DATA RECORDS:
··········
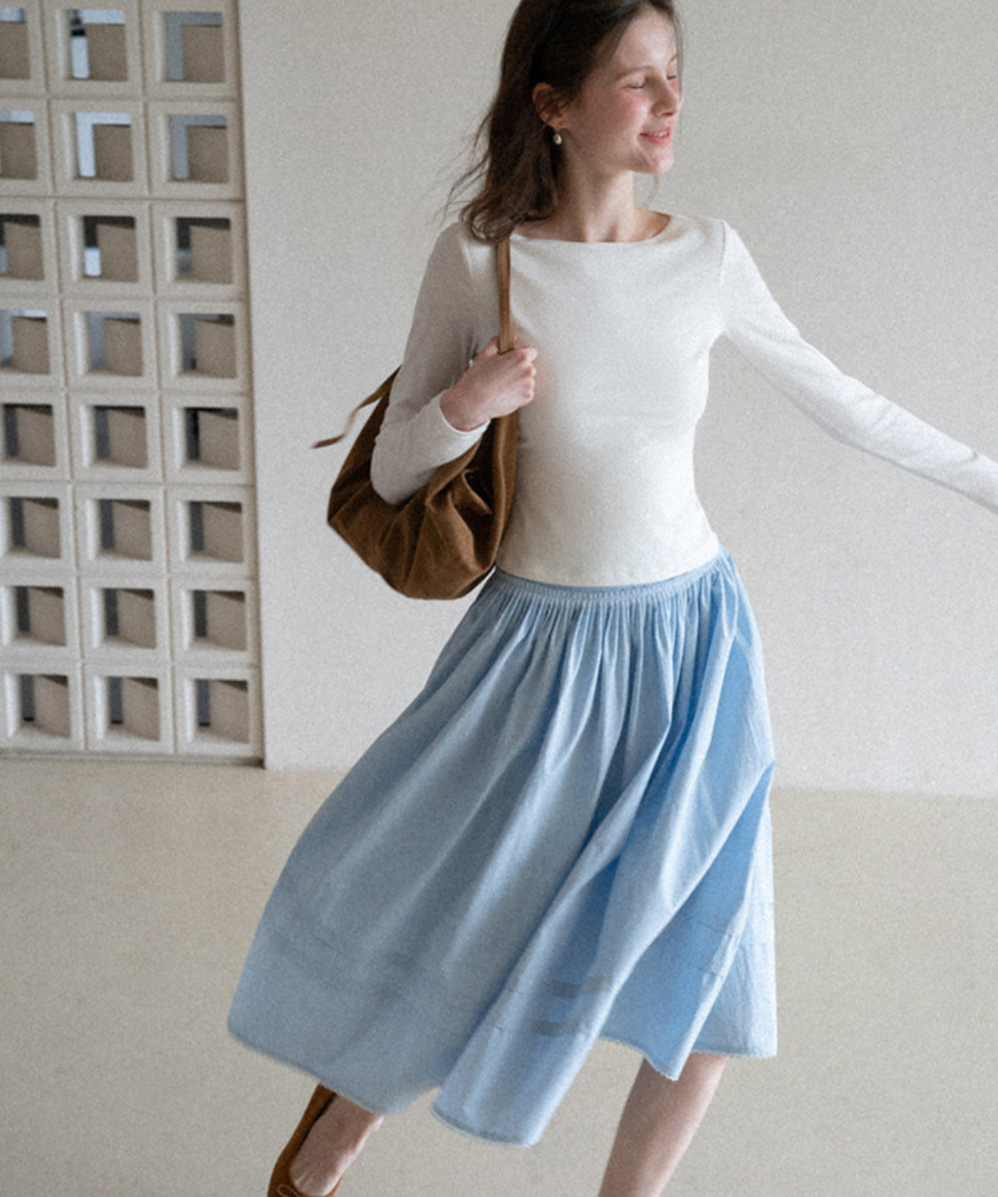 ミモレ丈で上品さがありながら、軽やかな着心地でデイリーに活躍してくれます♡
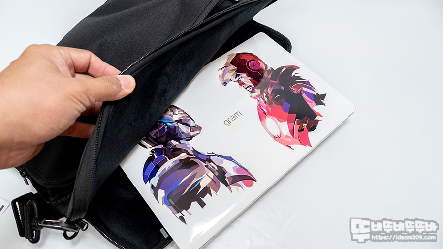 실제로 노트북과 액세서리를 넣었을 때 약 실측을 해보면 스펙 정보의 6cm 보다 작은 약 4.5cm 폭으로 생각보다 더 슬림한 편입니다.
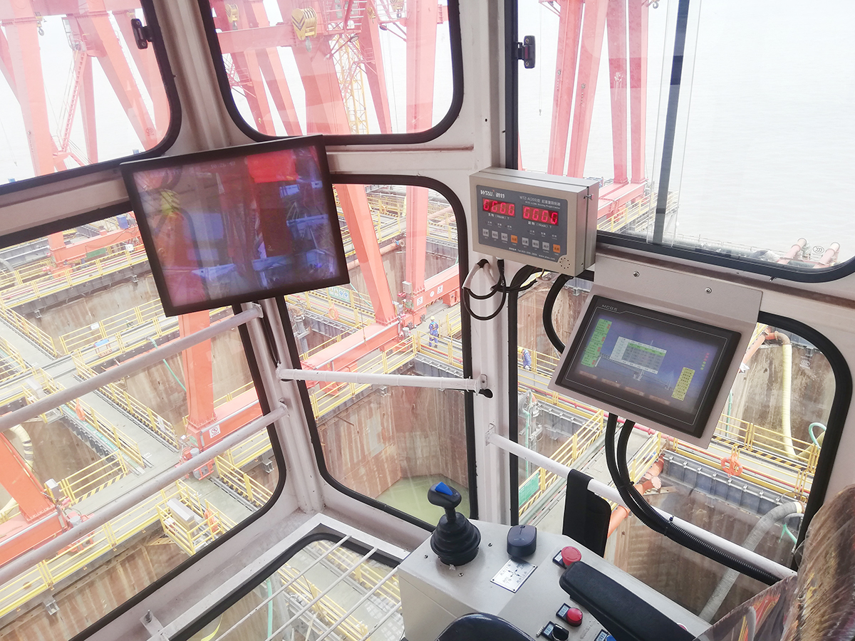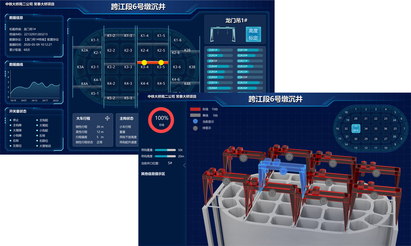 微特今年下半年與項(xiàng)目部多次溝通,與總工反復(fù)進(jìn)行技術(shù)協(xié)商及推演,最終決定使用龍門(mén)吊來(lái)監(jiān)測(cè)泥面高度,通過(guò)三維定位龍門(mén)吊的方案,找到每個(gè)龍門(mén)吊在沉井上的坐標(biāo),再結(jié)合卷?yè)P(yáng)機(jī)的高度變化,來(lái)實(shí)現(xiàn)每日單天每個(gè)井孔的最大深度測(cè)量,達(dá)到自動(dòng)測(cè)量自動(dòng)生產(chǎn)數(shù)據(jù)報(bào)表功能,使得沉井下沉高度自動(dòng)可視可測(cè)。
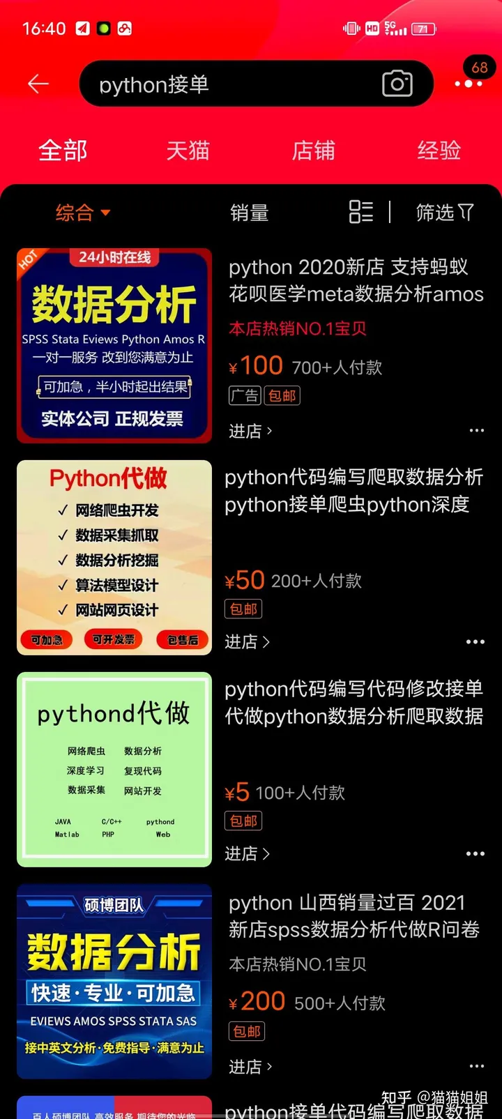做数据分析,因为淘宝有做数据分析网店,这就是我们的机会,时间自由,我们可以根据我们的时间来选择具体的项目,不过我要说一句看到感兴趣的再接,有时看到钱就很难收手要学会克制!慢慢的到后面我就加了几个群,里面可以抢爬虫的单子做,一个450的单子,到手差不多315(因为平台会抽30%)这个根据平台定30或者20不一定。
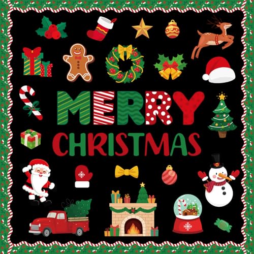 52Pcs Christmas Bulletin Board Decorations Set, Merry Christmas Holiday Bulletin Board for Xmas Holiday Party School Classroom Decoration Door Reading Room Home Wall Supplies
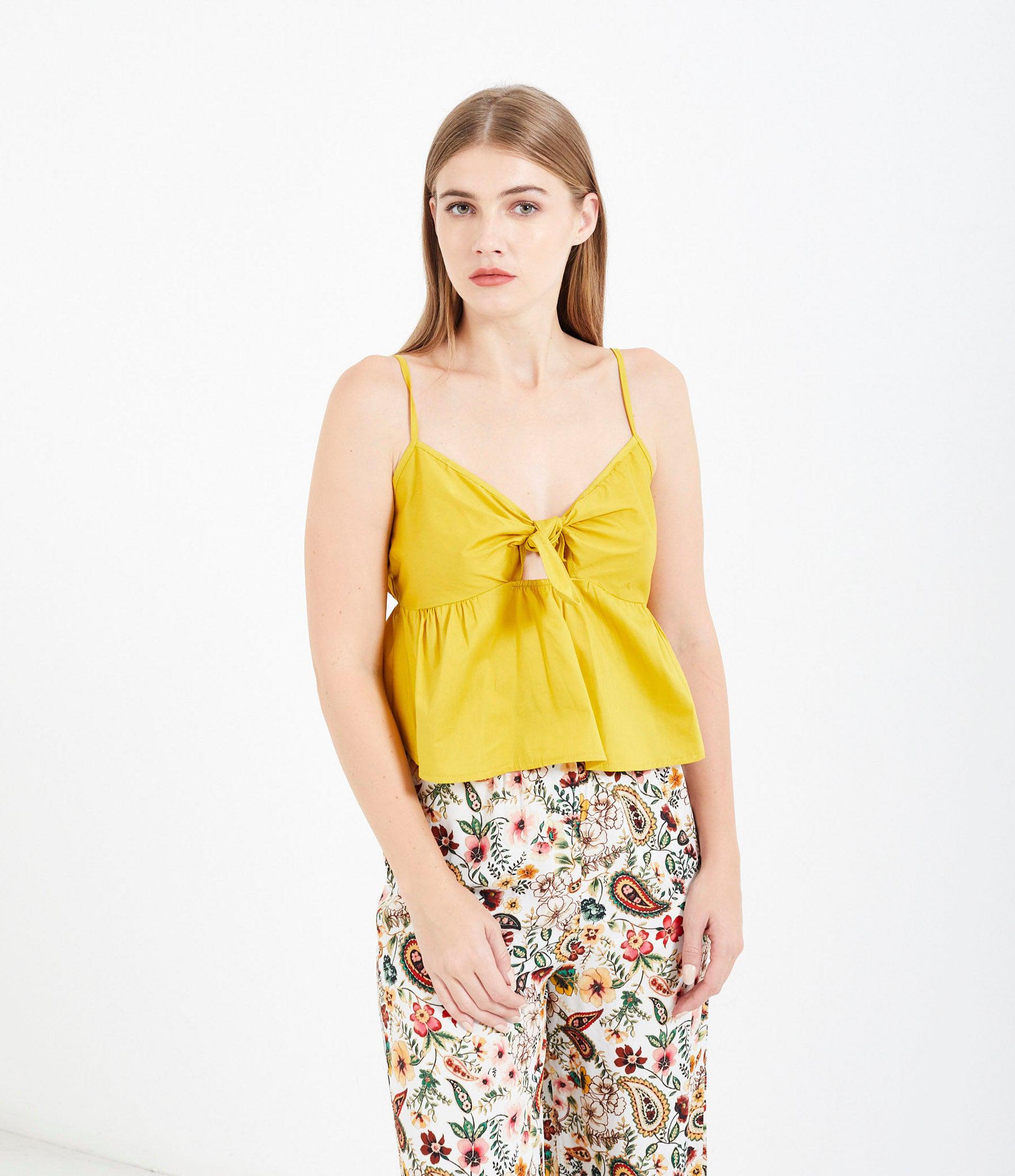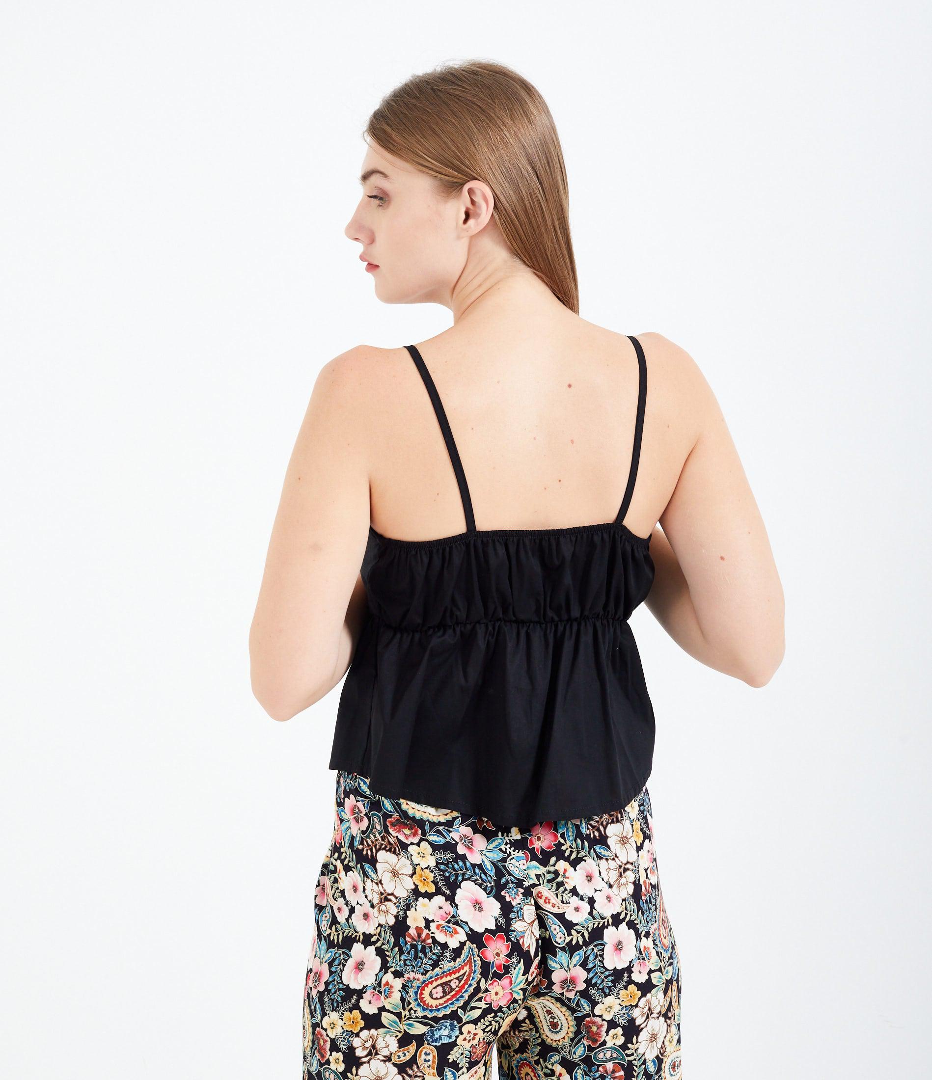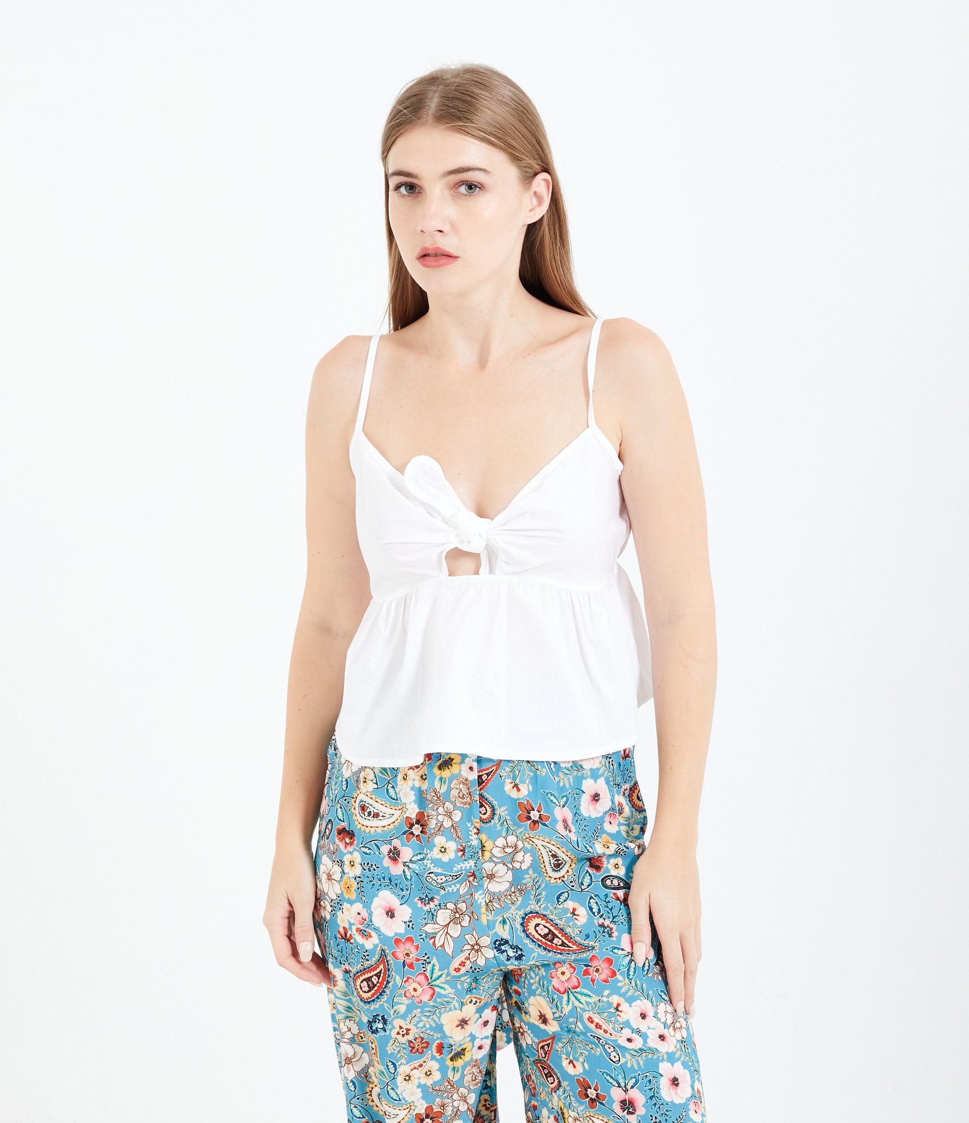 Top con ampio scollo fronte e retro, dettaglio fiocco frontale.
··········
PROBLEM DESCRIPTION: In the copy, include no pictures; transcribe every record above verbatim.

THE COMPLETED TASK:
 ミモレ丈で上品さがありながら、軽やかな着心地でデイリーに活躍してくれます♡
 실제로 노트북과 액세서리를 넣었을 때 약 실측을 해보면 스펙 정보의 6cm 보다 작은 약 4.5cm 폭으로 생각보다 더 슬림한 편입니다.
 微特今年下半年與項(xiàng)目部多次溝通,與總工反復(fù)進(jìn)行技術(shù)協(xié)商及推演,最終決定使用龍門(mén)吊來(lái)監(jiān)測(cè)泥面高度,通過(guò)三維定位龍門(mén)吊的方案,找到每個(gè)龍門(mén)吊在沉井上的坐標(biāo),再結(jié)合卷?yè)P(yáng)機(jī)的高度變化,來(lái)實(shí)現(xiàn)每日單天每個(gè)井孔的最大深度測(cè)量,達(dá)到自動(dòng)測(cè)量自動(dòng)生產(chǎn)數(shù)據(jù)報(bào)表功能,使得沉井下沉高度自動(dòng)可視可測(cè)。
做数据分析,因为淘宝有做数据分析网店,这就是我们的机会,时间自由,我们可以根据我们的时间来选择具体的项目,不过我要说一句看到感兴趣的再接,有时看到钱就很难收手要学会克制!慢慢的到后面我就加了几个群,里面可以抢爬虫的单子做,一个450的单子,到手差不多315(因为平台会抽30%)这个根据平台定30或者20不一定。
 52Pcs Christmas Bulletin Board Decorations Set, Merry Christmas Holiday Bulletin Board for Xmas Holiday Party School Classroom Decoration Door Reading Room Home Wall Supplies
 Top con ampio scollo fronte e retro, dettaglio fiocco frontale.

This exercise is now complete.